Mich hat diese Aussage im ersten Moment sprachlos gemacht. Und ich weiß noch, dass mir in diesem Moment durch den Kopf gegangen ist, dass ihm vermutlich immer wieder Menschen, Lehrer und Lehrerinnen, vielleicht die Eltern, manche Mitschüler, genau das vermittelt haben: „Du bist dumm.“ Was für ein vermurkster Start ins Leben.

Ich weiß gar nicht mehr genau, wie ich reagiert habe. Ich meine, ich habe irgendwas gesagt davon, dass ich sicher bin, dass jede und jeder sich schlaue Gedanken machen kann. Und dass mir alle Gedanken, die von meinen Schülern und Schülerinnen kommen, erst mal wichtig sind. Oder so was Ähnliches. Aber mitgenommen aus diesem Gespräch habe ich für mich vor allem den Impuls: Diesem Jungen musst Du vermitteln, dass er gut ist, so wie er ist. Damit er sich angenommen fühlt. Und sich selbst annehmen kann.

Von Mira Ungewitter, baptistische Pastorin in Wien, kommt folgender Gedanke: „Ich glaube, dass egal wann, wie (..) und auf welche Weise Menschen dazu ermutigt werden, sich selbst anzunehmen, andere anzunehmen und angenommen zu werden, etwas Göttliches passiert. Liebe, egal wie sie geschieht, ist ein heiliger Moment. ‚Heilig‘ im Sinne seiner ursprünglichen Bedeutung: etwas ist näher in die Sphäre des Vollkommenen gerückt. Heilig im Sinne von heil oder wieder ganz werden.“

Wieder ganz werden. Heil sein. Unsere Welt ist brüchig. An so vielen Stellen. Darum wünsche ich mir für das kommende Jahr viele solcher heiligen Momente, in denen Menschen ganz, in denen sie heil werden können.

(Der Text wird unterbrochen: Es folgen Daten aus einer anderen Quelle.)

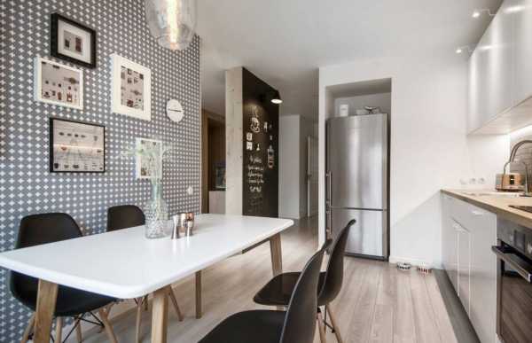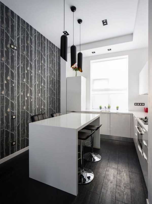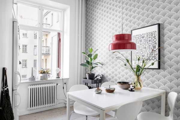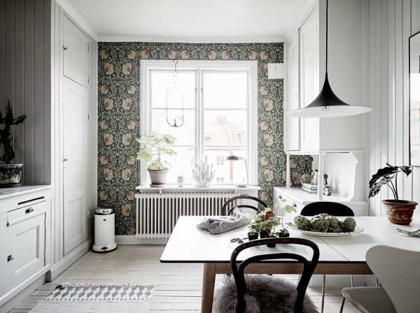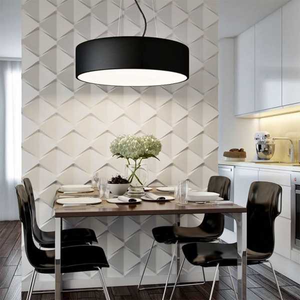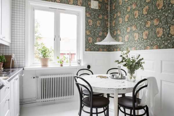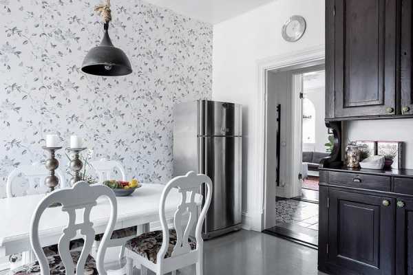 От темных оттенков для обоев стоит отказаться, но это не значит, что нужно останавливаться на белых. Абсолютная белизна будет давить на хозяев и гостей кухни. Светлые обои с темным рисунком будут смотреться более выигрышно.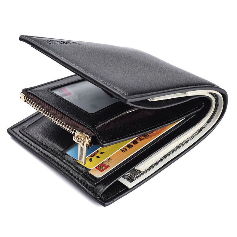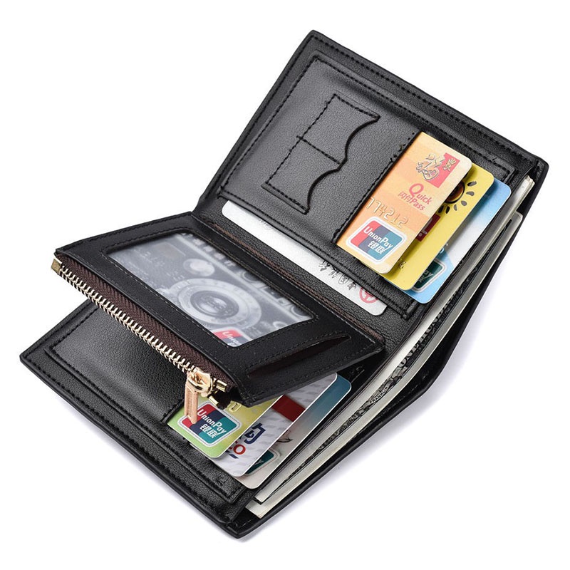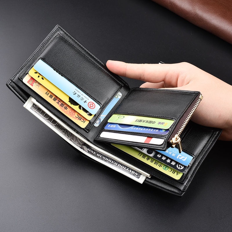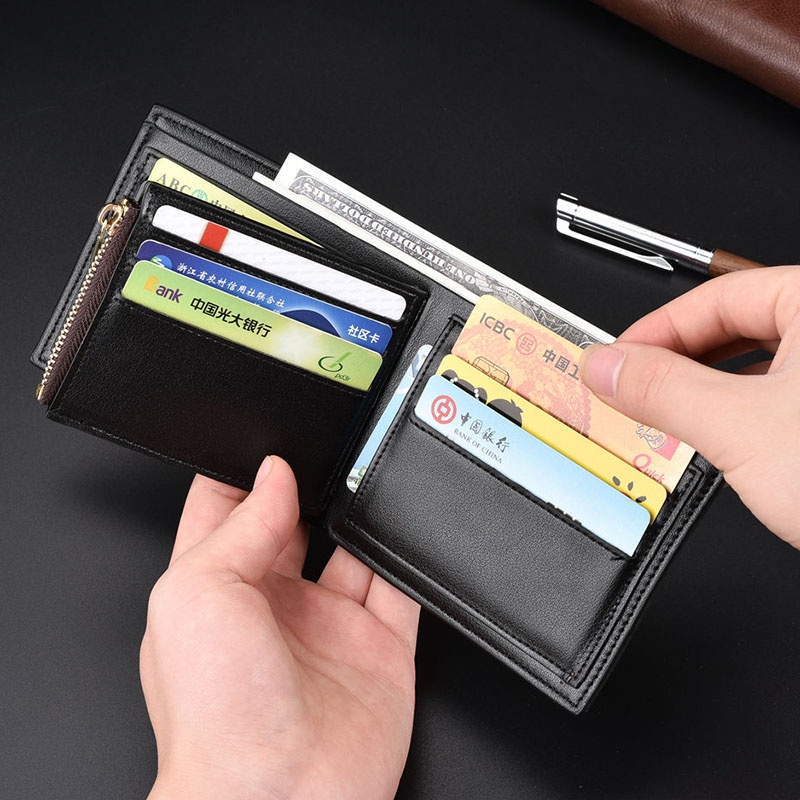 ♝READY STOCK♝Multi-card Slots and With Zipper Coin Pouch Mens Short Trifold Wallet for Men PU Leather Wallet Men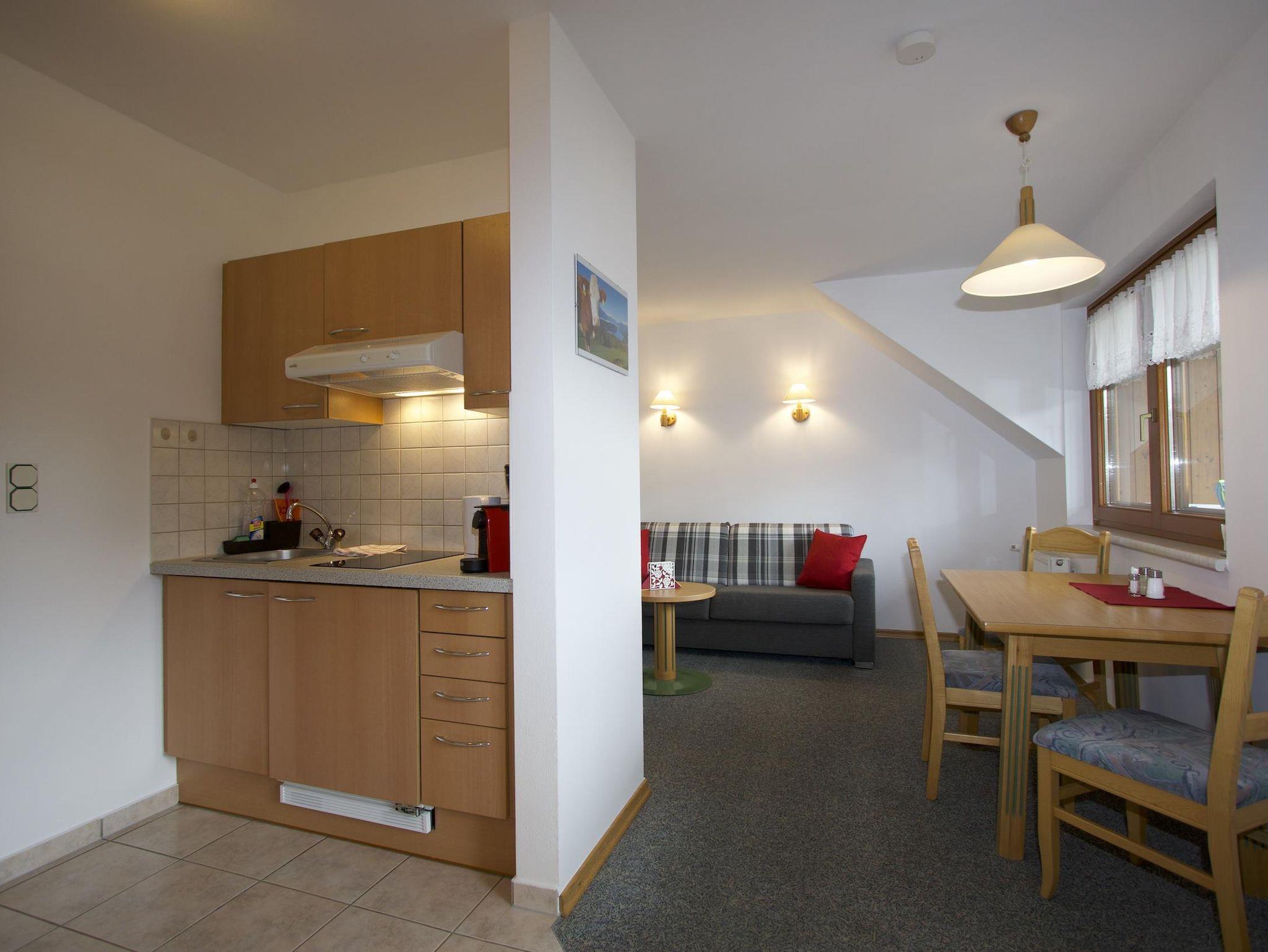 Appartement „Mirnock“ ca. 39 m2 Wohnung für zwei bis vier Personen im 1. Obergeschoss, 1 Schlafraum, 1 Wohn-Schlafraum, Kochgelegenheit, Nespressomaschine, Dusche und WC; SAT-TV; südseitig, großer Balkon;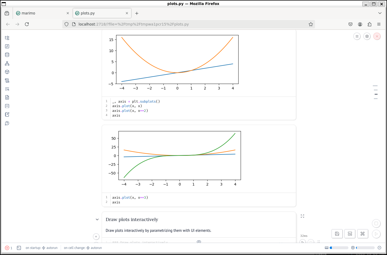 I next did a marimo edit and tried a plotting tutorial, but found it was missing a library. Thankfully, it told me what is missing (pip install numpy matplotlib)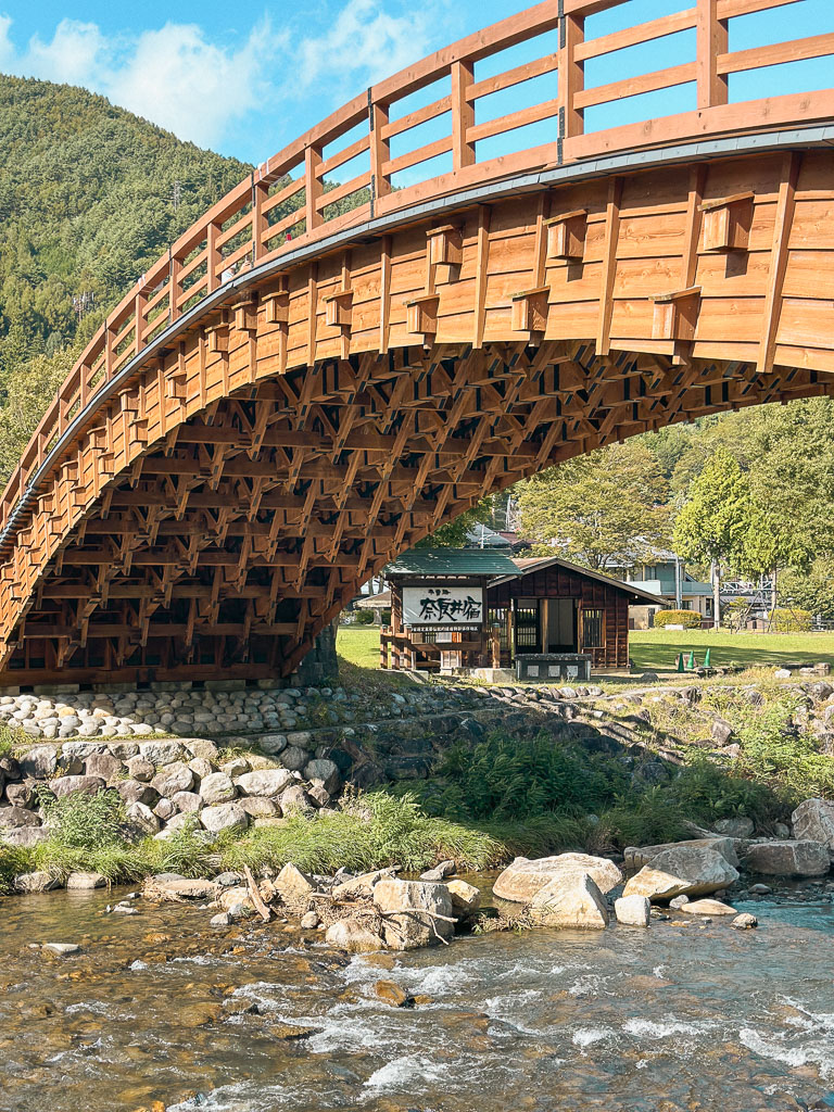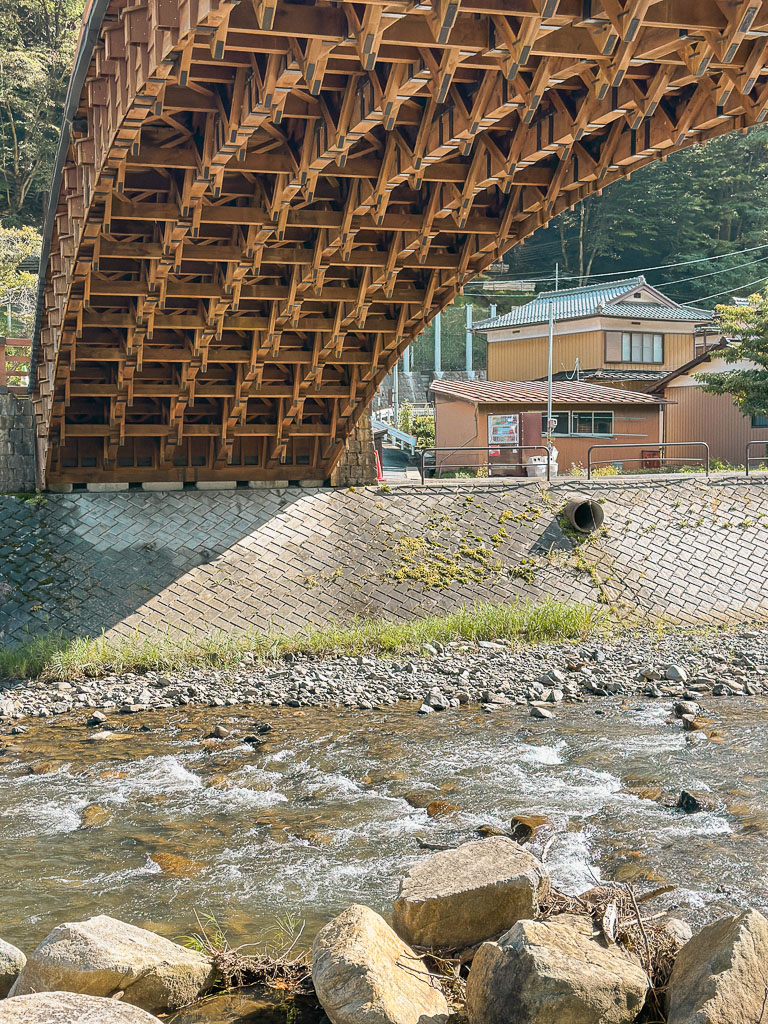 Die Kiso Brücke überspannt den Narai Fluss, der parallel zur Hauptstraße verläuft. Mit einer Länge von 30 Metern ist sie eine der längsten Holzbrücken Japans. Allerdings ist die Brücke im vergleich zu den Gebäuden sehr jung, da sie erst im Jahr 1990 gebaut wurde.

In denen, mit Mira Ungewitters Worten, etwas „Göttliches passiert“. Ich wünsche mir diese Momente im ganz Kleinen: Wenn der Vater seinem Kind sagt, wie großartig es ist. Oder wenn eben eine Lehrerin ihren Schüler ermutigt. Aber ich wünsche mir diese heiligen Momente auch im Großen: Zwischen verfeindeten Gruppen, in den vielen Konflikten um Wasser, Nahrung oder Land. Es wäre wunderbar, wenn auch dort Menschen wieder heil werden dürften.

Wir brauchen sie, diese heiligen Momente.